Ee los bombardeos fascistas y nazis de Alicante, Guernica, Alcañiz, Málaga, etc. se da cumplida información; pero y de los del otro lado, caso de Tetuán, Cabra en día de mercado, o Palma, donde cayó una bomba en el instituto, salvándose los estudiantes porque les dio tiempo de refugiarse en el sótano; sin hablar del asalto a la Cárcel Modelo de Madrid, las torturas en las checas, los ‘paseos’, el genocidio de Paracuellos u otros ejemplos puntuales como el de Santa María del Collell que narra, caso excepcional en la literatura contemporánea, Javier Cercas en ’Soldados de Salamina’.

Pero ahora quiero centrarme en otro suceso luctuoso del que se ha cumplido en estos días el 85 aniversario y casi nadie conoce por ocultarse de las memorias histórica y democrática: los trenes de la muerte. Si los hubieran protagonizado los franquistas, serían públicos y notorios.

Cuando el 18 de julio del 36, al igual que en otras muchas provincias donde fracasó el levantamiento militar, hubo en Jaén detenciones masivas de personas afines al ideario de los insurrectos, donde entraban católicos, religiosos y conservadores. Ya el 30 de julio la prisión de Úbeda fue asaltada y linchados los presos políticos que en ella había.

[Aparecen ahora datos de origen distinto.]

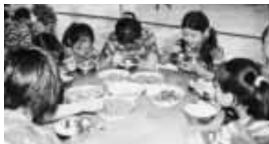
▲「生徒たちの軍営生活」

です。生徒たちが運動場を舞台にして先生と親の前で自分の能力と個性を十分に発揮して、演技していることに感心しました。生徒たちが全員参加して、一人で勝負を決めるのではなく、全員で点数を取り合います。これが生徒全員の体力をアップすると同時に、みんなの集団意識も高めることかと思えます。それに、種目もいろいろで、単純の走りだけではなく、網を潜るとか、パンを食うとか、全部工夫された種目で、特に、応援合戦が面白く、踊りながら叫んで、相当賑やかでした。中国では、学年別で、各クラスからの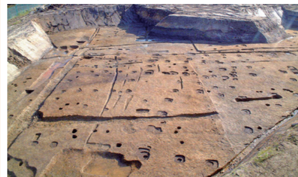
古墳時代の集落2

発掘調査報告書では、5世紀初頭の集落が展開し始める時期から、7世紀前半に集落が廃絶するまでを5期に分けています。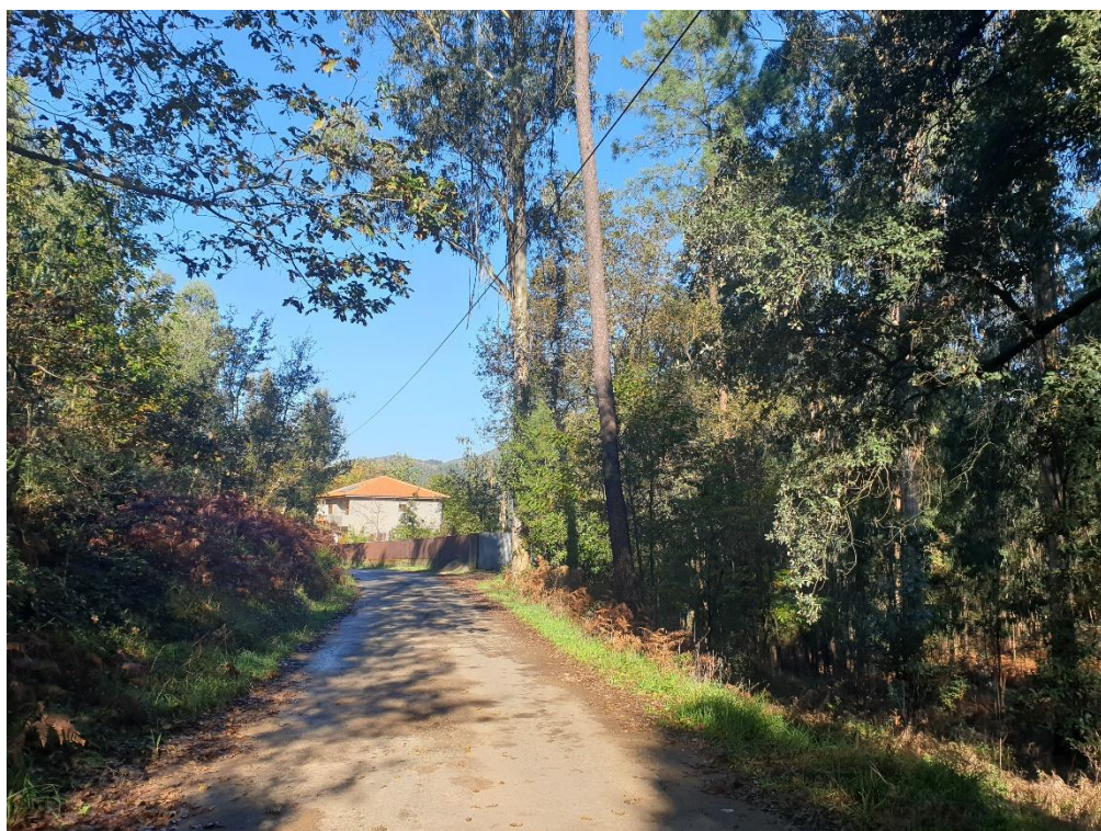
Figura 28 – Florestas mistas de eucalipto e pinheiro-bravo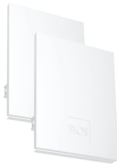
Metal cover. Suspension Up & Down. 100 mm (Colour Anodized Grey) 08.9058.02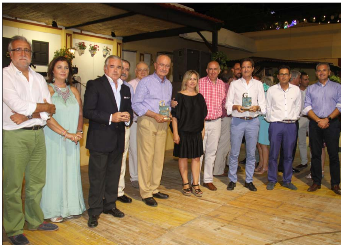
Entrega de los Premios Galeno del Colegio de Médicos en la caseta de El Portón.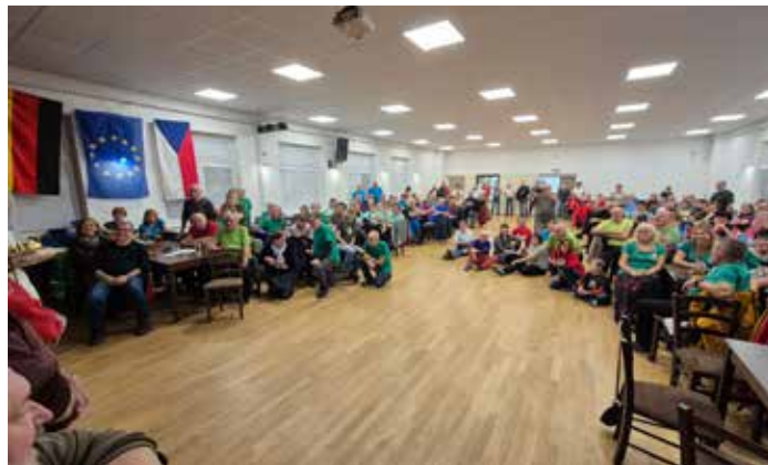
Protože o závěrečnou zábavu byl obrovský zájem, zaplnili jsme i kulturní dům v sousedním Rybníšti.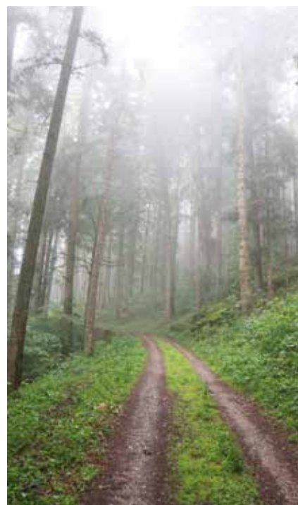
Une balade pour découvrir les mystères de la forêt.

Elle revient après huit ans de voyage autour du monde, principalement à pied, mais aussi à vélo et en bateau, soit plus de 52'000 kilomètres à travers 30 pays. Caroline Moireaux ( www.piedslibre.com ) donnera une conférence publique jeudi 24 septembre à 20h à la maison de Madame T., à Valangin. Plus d'infos: www.madamet.ch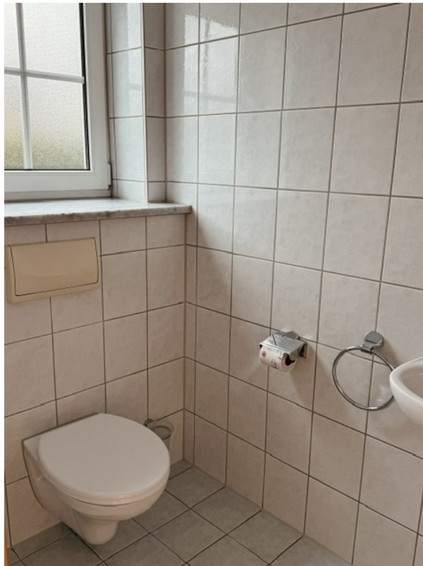
EG Gäste WC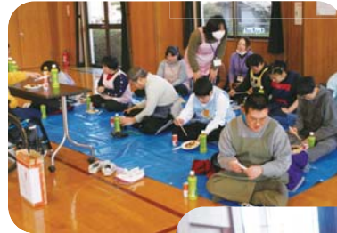
みんなで食べるとおいしさ 2 倍

その後は、「3 作業所対抗玉入れ合戦」を行い、会場には、笑顔があふれていました。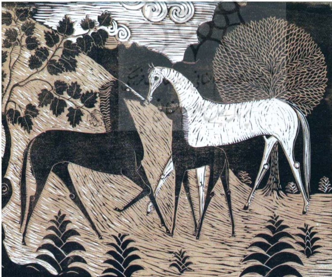
سه اسب، اثر استاد محمود جوادی پور، چاپ لیتوگرم دورنگ، سال ۱۳۳۷، اندازه ۳۸×۴۸cm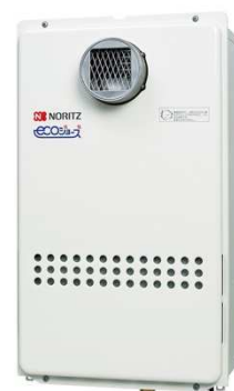
高効率 16 号業務用 ガス給湯器 GQ-C1634WZ-C 【屋外壁掛形】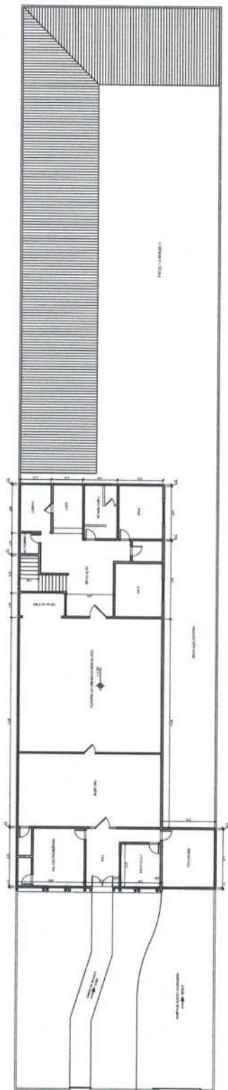
PLANTA BAIXA - PISO SUPERIOR ESCALA

En la capital, ante la saturación de la cárcel, 800 personas se hacinaban en la catedral de donde había sido robada y profanada la reliquia del Santo Rostro, la Santa Faz jiennense, que aparecería tras la guerra en los alrededores de París.

El gobernador civil de Jaén, tras hablar con el director general de Prisiones, consiguió que varios centenares de esos presos civiles, casi todos ajenos al alzamiento aunque comulgaran con él, pudieran ser trasladados a la cárcel de Alcalá de Henares en tren.

El primero de ellos salió con 322 detenidos el 11 de agosto, con previo conocimiento de las fuerzas izquierdistas incontroladas pues en varias estaciones se intentó asaltar los vagones. Ya en Madrid, tras parar en la estación del Mediodía, 14 de aquellos fueron sacados y fusilados en unas tapias cercanas. Se trataba de políticos del Partido Agrario, el jefe local de Falange, dos sacerdotes y otras dos monjas, amén de algún terrateniente.

Mucho peor fue lo sucedido el 13 de agosto. La noche anterior había partido un segundo convoy con 245 presos. Para evitar lo sucedido con el primero, se decidió parar en la estación de Santa Catalina-Vallecas, pero allí había un grupo de milicianos esperando. Sacaron a los presos y ametrallaron a 193 de aquellas personas, ensañándose de manera especial en el obispo de Jaén, su hermana y el vicario general de la diócesis, martirizados según testigos presenciales.

La Guardia Civil que escoltaba los dos trenes se vio amenazada por los frentepopulistas y nada pudo hacer, superada por los acontecimientos. Entre los republicanos moderados, miembros del Gobierno incluidos, hubo desolación. Pero los atropellos contra la población civil conservadora y los religiosos continuarían.

Mi duda reside en saber si estos sangrientos hechos que causaron tantas víctimas inocentes, entrarán dentro del recuerdo y el homenaje que dictará la Memoria Democrática.